REQUIRED ACTION: An exact, complete printout of the listing is wanted, minus its images.

RECORDED INFORMATION:
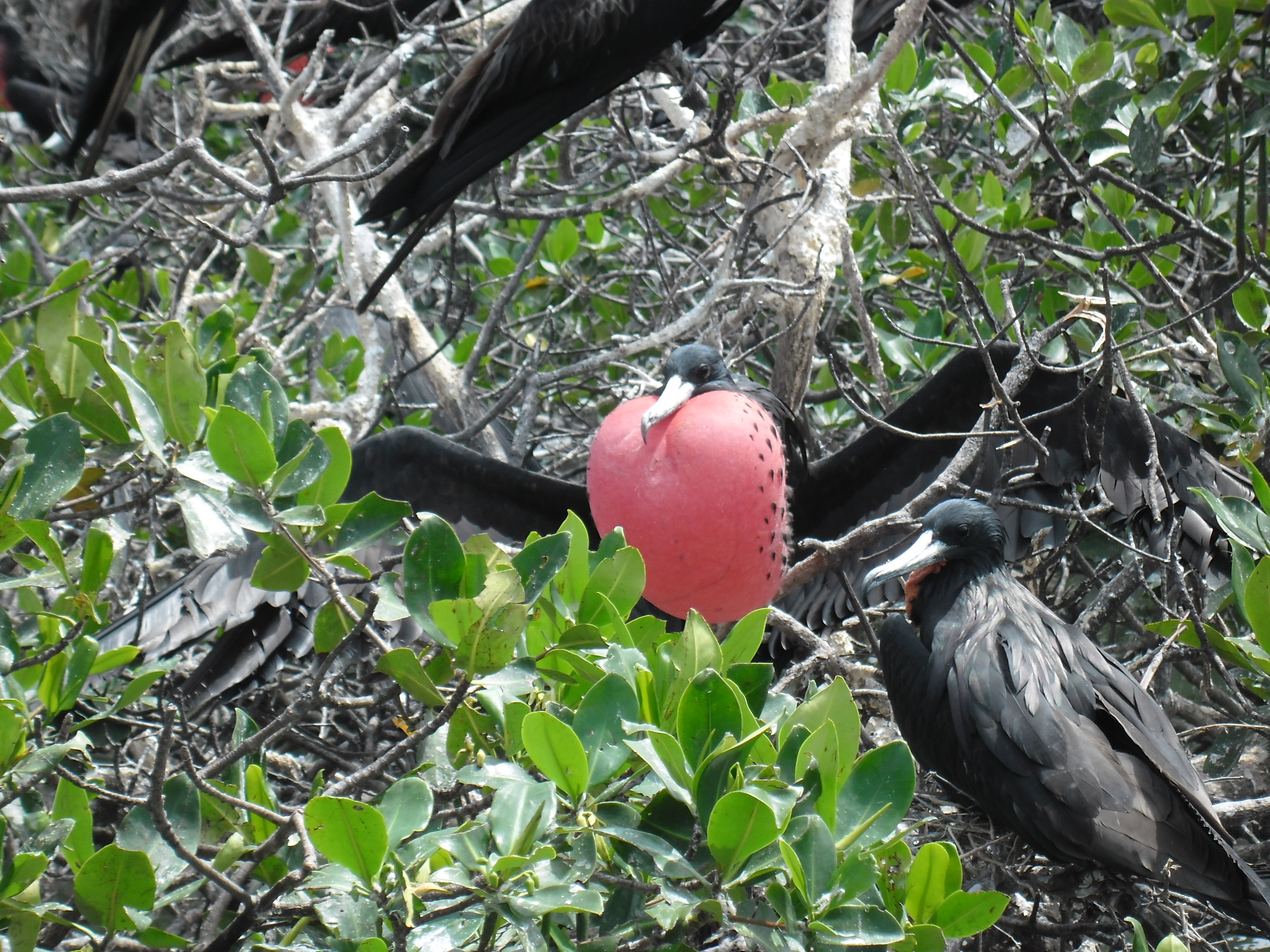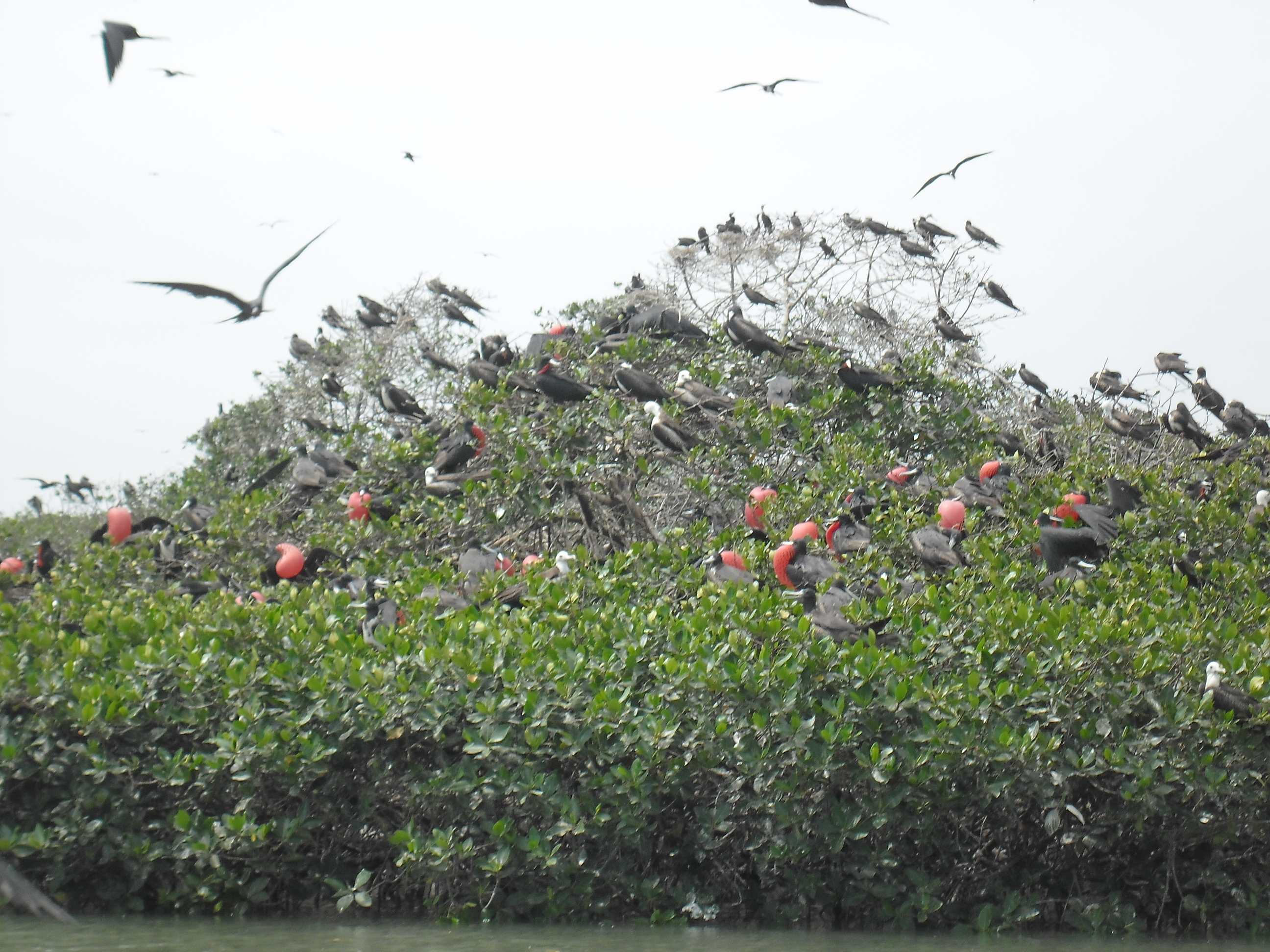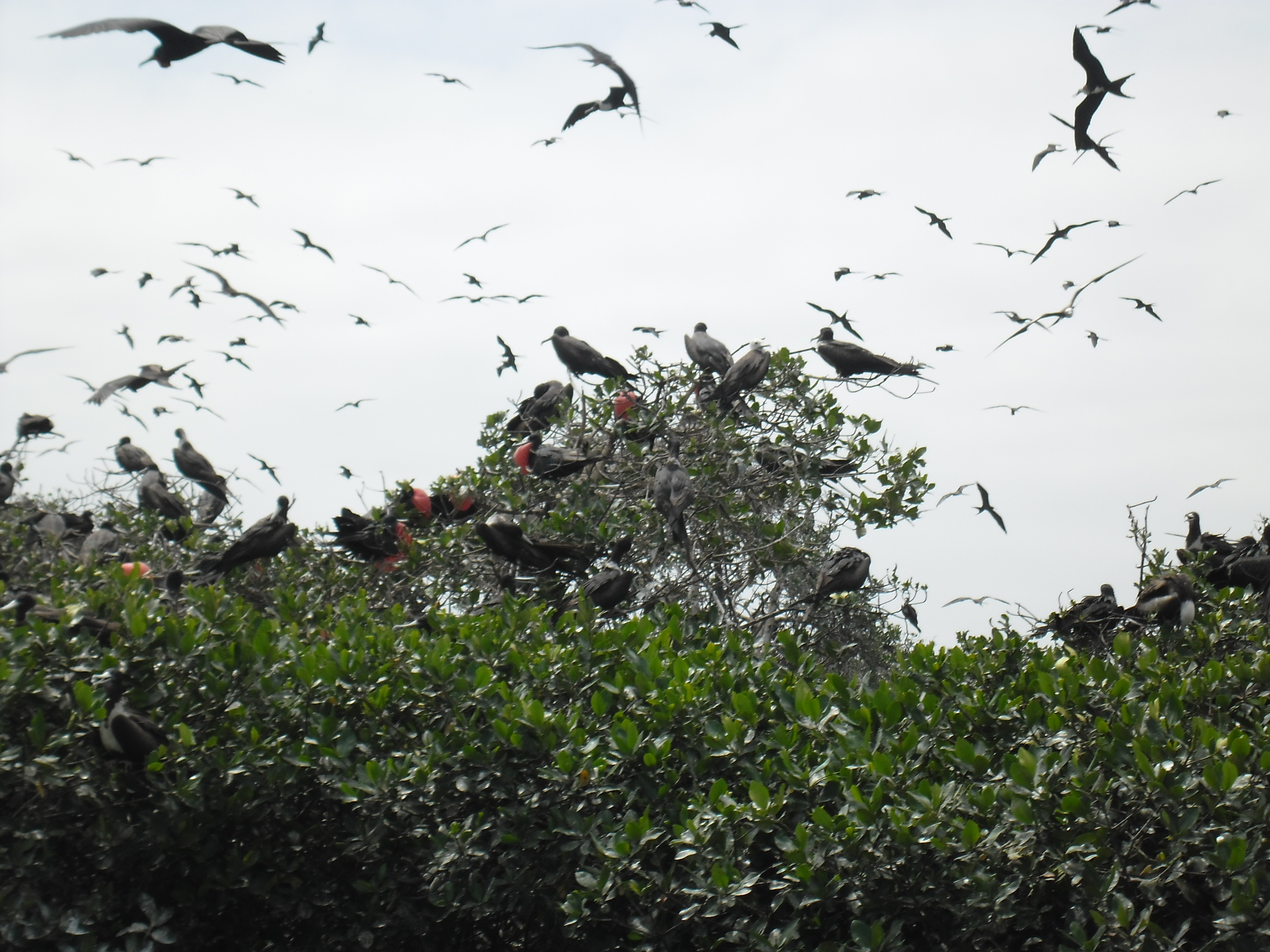 SAM_1141A group of five Australian tourists showed up one day, and all of us went out on an excursion to see the magnificent frigate birds in their nests. The birds truly are magnificent, with a wingspan of six and a half feet, and their ability to soar. They cannot swim, and they never go on land. They soar over the ocean and they skim things off the water. This particular species nests in mangrove trees near the Ecuador/Peru border, and they don’t really wander too far. We drove to Punto Pizarro, then got in a boat, and motored to the mangroves, called manglares. It was impossible to estimate how many birds were there, but my guess was close to one hundred thousand of them. Each pair lays one egg, then the male and female take turns on the nest until the egg hatches. We arrived at the beginning of the nesting season. The males inflate a red pouch on their chests to impress the females. The pouch looks like a red balloon, and it also looks like a heart. We got extremely close to them. Truly a Wild Kingdom outing.
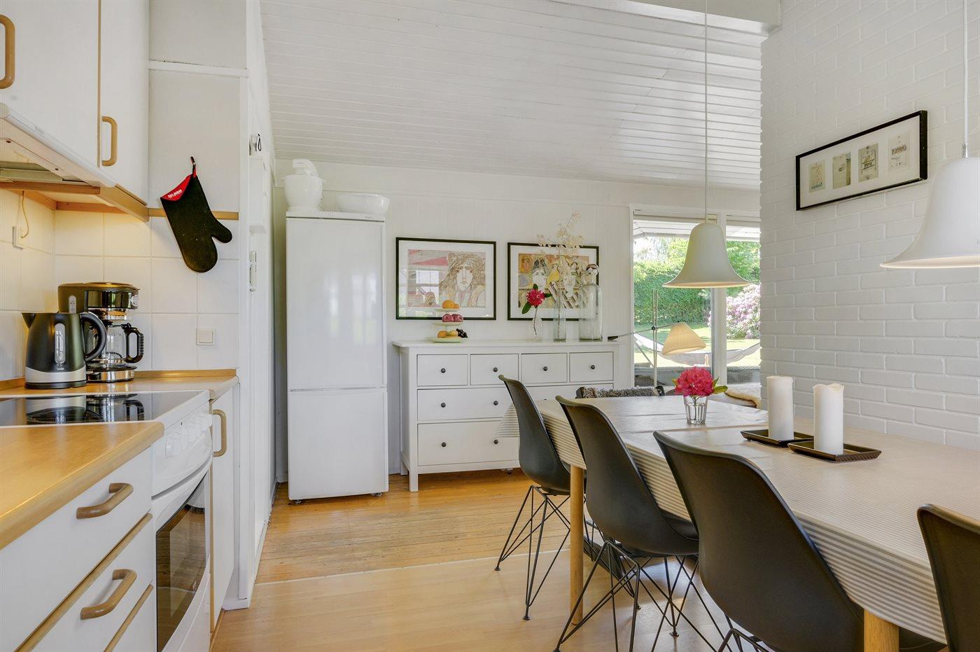 Schönes Ferienhaus mit gemütlicher Urlaubsatmosphäre. Das Holzhaus liegt am Ende einer Sackgasse in der schönen Natur einer Ferienhaussiedlung ganz in der Nähe des Isefjords. Hier kann man wandern, im Fjord baden, Ausflüge machen, angeln und vieles mehr – oder man kann sich einfach nur im Ferienhaus erholen!
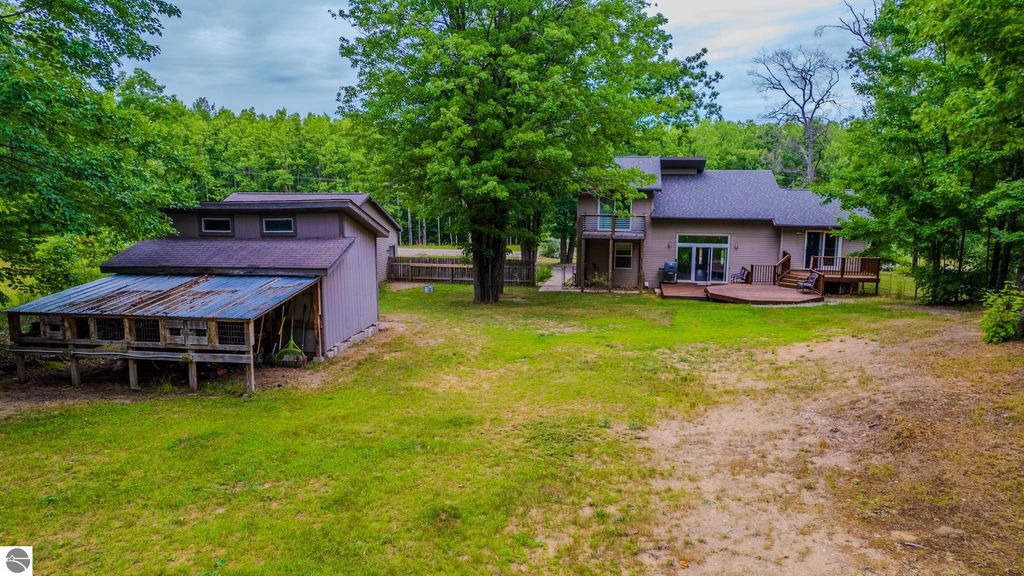 MOVE IN, sip your coffee, and relax-----because this home has zero 'weekend projects' for you. The big stuff is DONE: New Anderson windows throughout and a 9 x 8.5 ft door wall plus brand-new roof (2023), new central air with upgraded furnace parts (2022), new hot water heater (2024), generator-ready setup, a water filtration system, whole-house humidity control system and new decking (2023) freshly stained July (2025). Inside a 2,000+ sq. ft. custom-built comfort awaits. A triple Anderson sliding door wall frames gorgeous backyard views right into the living room with a wall-mounted electric fireplace. The private floor master suite offers a walk-out balcony, walk-in closet and updated full bath. The main level includes two bedrooms, full bath, living room and a heated 24x22 workshop/gym area with extra storage (cookies in...calories out). Just a few steps up the kitchen/dining area shines with hardwood floors, breakfast bar, work space and another cozy wall mounted fireplace plus a slider to a large deck. Outside enjoy 9+ beautiful wooded acres with hiking trails, a half-acre fenced area for kids and pets, an oversized 32x24 garage, a bonus outbuilding and two lean-to's. Best part? You're minutes from Higgins Lake, ORV/hiking/biking, ski trails, golf and the AuSable River--your playground for kayaking, fishing, or just soaking up that UP NORTH lifestyle. All the upgrades, none of the hassles and adventures in every direction. This one's ready for you to enjoy!

OUTPUT OF THE EXERCISE:
 SAM_1141A group of five Australian tourists showed up one day, and all of us went out on an excursion to see the magnificent frigate birds in their nests. The birds truly are magnificent, with a wingspan of six and a half feet, and their ability to soar. They cannot swim, and they never go on land. They soar over the ocean and they skim things off the water. This particular species nests in mangrove trees near the Ecuador/Peru border, and they don’t really wander too far. We drove to Punto Pizarro, then got in a boat, and motored to the mangroves, called manglares. It was impossible to estimate how many birds were there, but my guess was close to one hundred thousand of them. Each pair lays one egg, then the male and female take turns on the nest until the egg hatches. We arrived at the beginning of the nesting season. The males inflate a red pouch on their chests to impress the females. The pouch looks like a red balloon, and it also looks like a heart. We got extremely close to them. Truly a Wild Kingdom outing.
 Schönes Ferienhaus mit gemütlicher Urlaubsatmosphäre. Das Holzhaus liegt am Ende einer Sackgasse in der schönen Natur einer Ferienhaussiedlung ganz in der Nähe des Isefjords. Hier kann man wandern, im Fjord baden, Ausflüge machen, angeln und vieles mehr – oder man kann sich einfach nur im Ferienhaus erholen!
 MOVE IN, sip your coffee, and relax-----because this home has zero 'weekend projects' for you. The big stuff is DONE: New Anderson windows throughout and a 9 x 8.5 ft door wall plus brand-new roof (2023), new central air with upgraded furnace parts (2022), new hot water heater (2024), generator-ready setup, a water filtration system, whole-house humidity control system and new decking (2023) freshly stained July (2025). Inside a 2,000+ sq. ft. custom-built comfort awaits. A triple Anderson sliding door wall frames gorgeous backyard views right into the living room with a wall-mounted electric fireplace. The private floor master suite offers a walk-out balcony, walk-in closet and updated full bath. The main level includes two bedrooms, full bath, living room and a heated 24x22 workshop/gym area with extra storage (cookies in...calories out). Just a few steps up the kitchen/dining area shines with hardwood floors, breakfast bar, work space and another cozy wall mounted fireplace plus a slider to a large deck. Outside enjoy 9+ beautiful wooded acres with hiking trails, a half-acre fenced area for kids and pets, an oversized 32x24 garage, a bonus outbuilding and two lean-to's. Best part? You're minutes from Higgins Lake, ORV/hiking/biking, ski trails, golf and the AuSable River--your playground for kayaking, fishing, or just soaking up that UP NORTH lifestyle. All the upgrades, none of the hassles and adventures in every direction. This one's ready for you to enjoy!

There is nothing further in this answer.